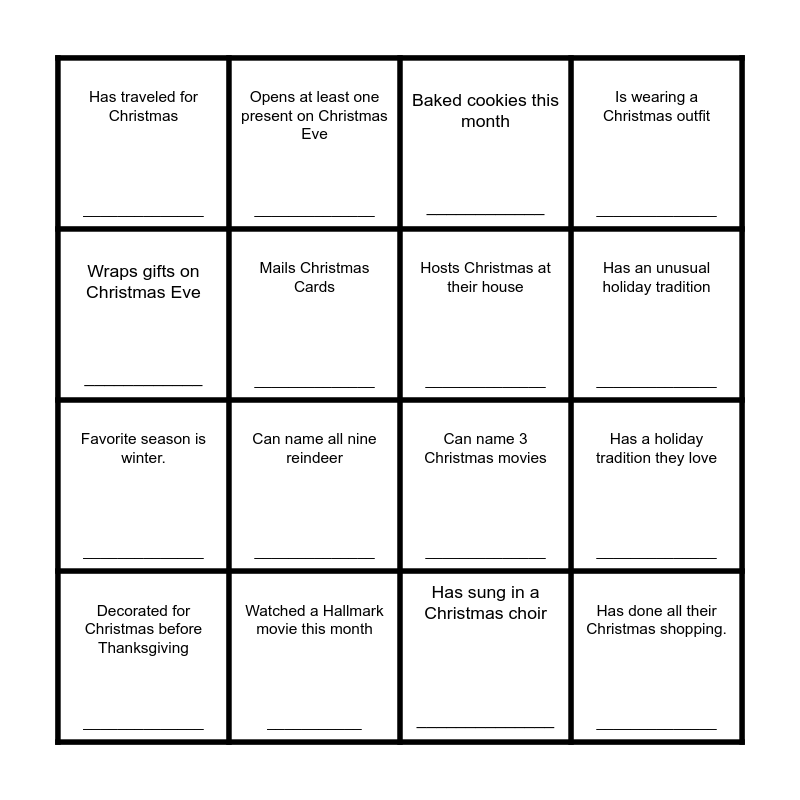 This bingo card has 20 words: Has a holiday tradition they love ______________, Watched a Christmas movie this week ____________, Baked cookies this month ____________, Has a real Christmas tree ____________, Decorated for Christmas before Thanksgiving ______________, Wraps gifts on Christmas Eve ____________, Watched a Hallmark movie this month ___________, Has traveled for Christmas ______________, Favorite season is winter. ______________, Opens at least one present on Christmas Eve ______________, Can name all nine reindeer ______________, Can name 3 Christmas movies ______________, Mails Christmas Cards ______________, Has done all their Christmas shopping. ______________, Hosts Christmas at their house ______________, Watches the same Christmas movie every year ______________, Has an unusual holiday tradition ______________, Is wearing a Christmas outfit ______________, Has sung in a Christmas choir ______________ and Likes Eggnog ______________.
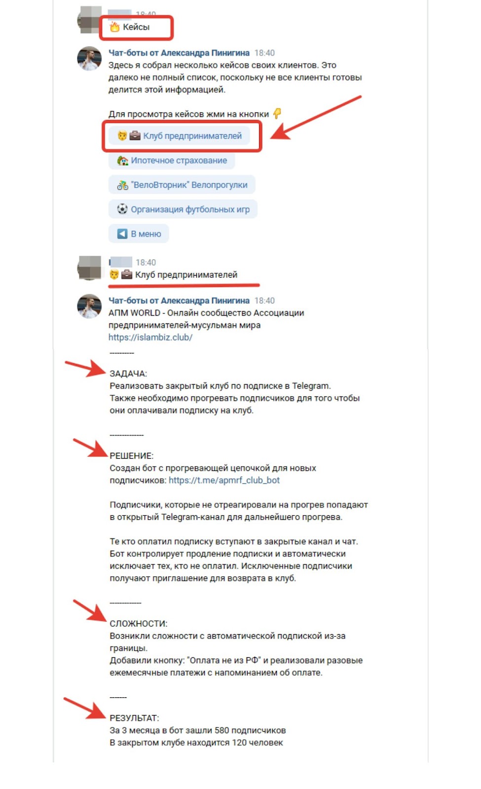 Если у вас есть какой-то результат в цифрах, то обязательно добавляйте его в кейс. В кейсе мы видим, что из 580 человек, которые зашли в бота, 120 сейчас находятся в клубе и ежемесячно его оплачивают.
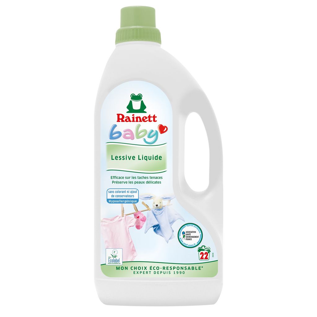 Rainett Baby lessive spécialement développée pour répondre aux besoins des bébés, enfants ou personnes souffrant d'allergies tout en enlevant les tâches les plus tenaces.
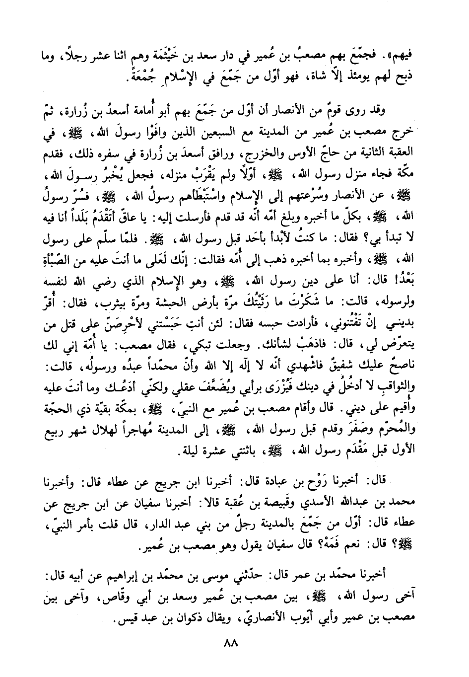 ص. عَنِ الأَنْصَارِ وَسُرْعَتِهِمْ إِلَى الإِسْلامِ وَاسْتِبْطَأَهُمْ رَسُولَ اللَّهِ - صَلَّى اللَّهُ عَلَيْهِ وَسَلَّمَ - فَسُرَّ رَسُولُ اللَّهِ - صَلَّى اللَّهُ عَلَيْهِ وَسَلَّمَ - بِكُلِّ مَا أَخْبَرَهُ وَبَلَغَ أُمَّهُ أَنَّهُ قَدْ قَدِمَ فَأَرْسَلَتْ إِلَيْهِ: يَا عَاقُّ أَتَقْدَمُ بَلَدًا أَنَا فِيهِ لا تَبْدَأُ بِي؟ فَقَالَ: مَا كُنْتُ لأَبْدَأَ بِأَحَدٍ قَبْلَ رَسُولِ اللَّهِ - صَلَّى اللَّهُ عَلَيْهِ وَسَلَّمَ - فَلَمَّا سَلَّمَ عَلَى رَسُولِ اللَّهِ - صَلَّى اللَّهُ عَلَيْهِ وَسَلَّمَ - وَأَخْبَرَهُ بِمَا أَخْبَرَهُ ذَهَبَ إِلَى أُمِّهِ فَقَالَتْ: إِنَّكَ لَعَلَى مَا أَنْتَ عَلَيْهِ مِنَ الصَّبْأَةِ بَعْدُ! قَالَ: أَنَا عَلَى دَيْنَ رَسُولِ اللَّهِ - صَلَّى اللَّهُ عَلَيْهِ وَسَلَّمَ - وَهُوَ الإِسْلامُ الَّذِي رَضِيَ اللَّهُ لِنَفْسِهِ وَلِرَسُولِهِ. قَالَتْ: مَا شَكَرْتَ مَا رَثَيْتُكَ مَرَّةً بِأَرْضِ الْحَبَشَةِ وَمَرَّةً بِيَثْرِبَ. فَقَالَ: أُقِرُّ بِدِينِي إِنْ تَفْتُنُونِي. فَأَرَادَتْ حَبْسَهُ فَقَالَ: لَئِنْ أَنْتِ حَبَسْتَنِي لأحرصن على قتل من يتعرض لي. قال: فَاذْهَبْ لِشَأْنَكَ. وَجَعَلَتْ تَبْكِي. فَقَالَ مُصْعَبٌ: يَا أُمَّةُ إِنِّي لَكِ نَاصِحٌ عَلَيْكِ شَفِيقٌ فَاشْهَدِي أَنَّهُ لا إِلَهَ إِلا اللَّهُ وَأَنَّ مُحَمَّدًا عَبْدُهُ وَرَسُولُهُ. قَالَتْ:
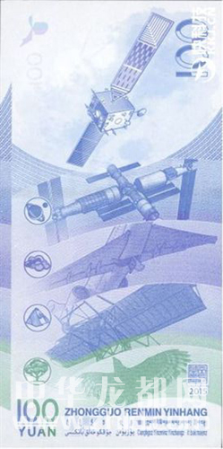 中國航天紀(jì)念鈔面額為100元,票面長155毫米,票面寬77毫米,中國航天紀(jì)念鈔主色調(diào)為藍色。正面主景圖案為神舟九號飛船與天宮一號交會對接圖案。左上方為國徽圖案、“中國人民銀行”行名,其下方為東方紅一號衛(wèi)星圖案。票面左下方為面額數(shù)字“100”和漢字“壹佰圓”。主景圖案右側(cè)為嫦娥一號衛(wèi)星圖案,其上方為面額數(shù)字“100”和“中國航天紀(jì)念”字樣。背面主景圖案由上至下依次為嫦娥一號衛(wèi)星圖案、2020年中國空間站“天宮”、噴氣式客機、馮如2號雙翼螺旋槳飛機、飛禽海東青圖案。票面左上角為風(fēng)箏局部圖案,右上角為面額數(shù)字“100”。票面下方為行長章與年號“2015”,中國人民銀行漢語拼音字母和蒙、藏、維、壯四種民族文字的“中國人民銀行”字樣與面額,面額數(shù)字“100”,漢語拼音字母“YUAN”。
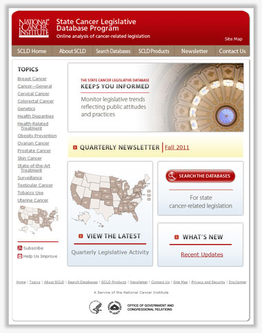 The National Cancer Institute State Cancer Legislative Database (SCLD) provides legislators and the general public with information about state laws related to cancer. Figure A is the 2006 version, and figure B is the current version. The redesign in 2009 focused on enhancing usability and updating the graphic design. Completely reorganized architecture to provide users with direct access to content based on topic. Worked with programmers to develop administrative tools for producing both web content and print documents from database. Worked with graphics designer to layout pages in modular and user-friendly fashion. |
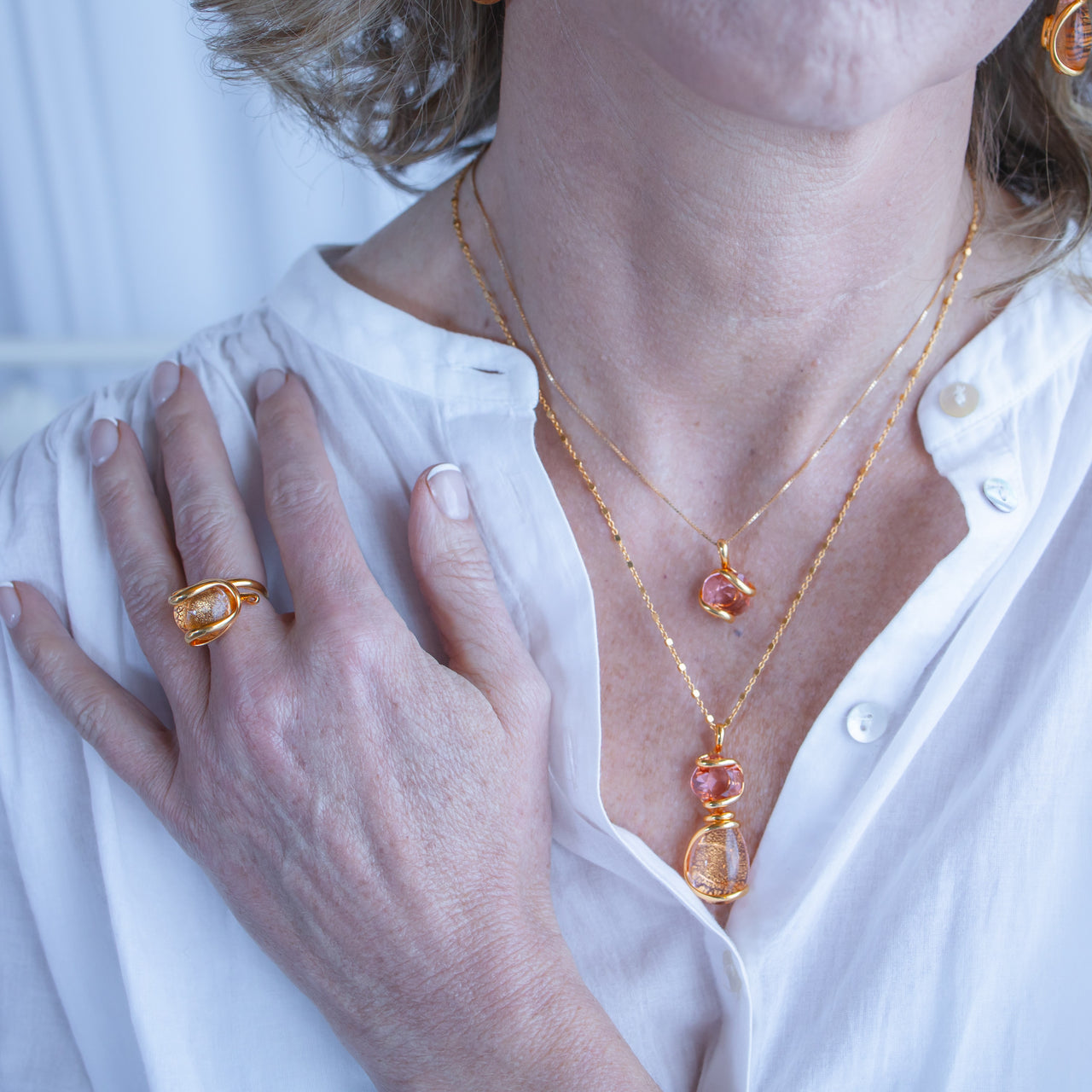 Rose pink Austrian crystal set in delicately wound 22ct Gold on 925 Sterling Silver.

#####

EXERCISE DESCRIPTION » Return verbatim every line from the one holding "The National Cancer" to the end of the records above. Do not copy the pictures.

OUTPUT BELOW »
 The National Cancer Institute State Cancer Legislative Database (SCLD) provides legislators and the general public with information about state laws related to cancer. Figure A is the 2006 version, and figure B is the current version. The redesign in 2009 focused on enhancing usability and updating the graphic design. Completely reorganized architecture to provide users with direct access to content based on topic. Worked with programmers to develop administrative tools for producing both web content and print documents from database. Worked with graphics designer to layout pages in modular and user-friendly fashion. |
 Rose pink Austrian crystal set in delicately wound 22ct Gold on 925 Sterling Silver.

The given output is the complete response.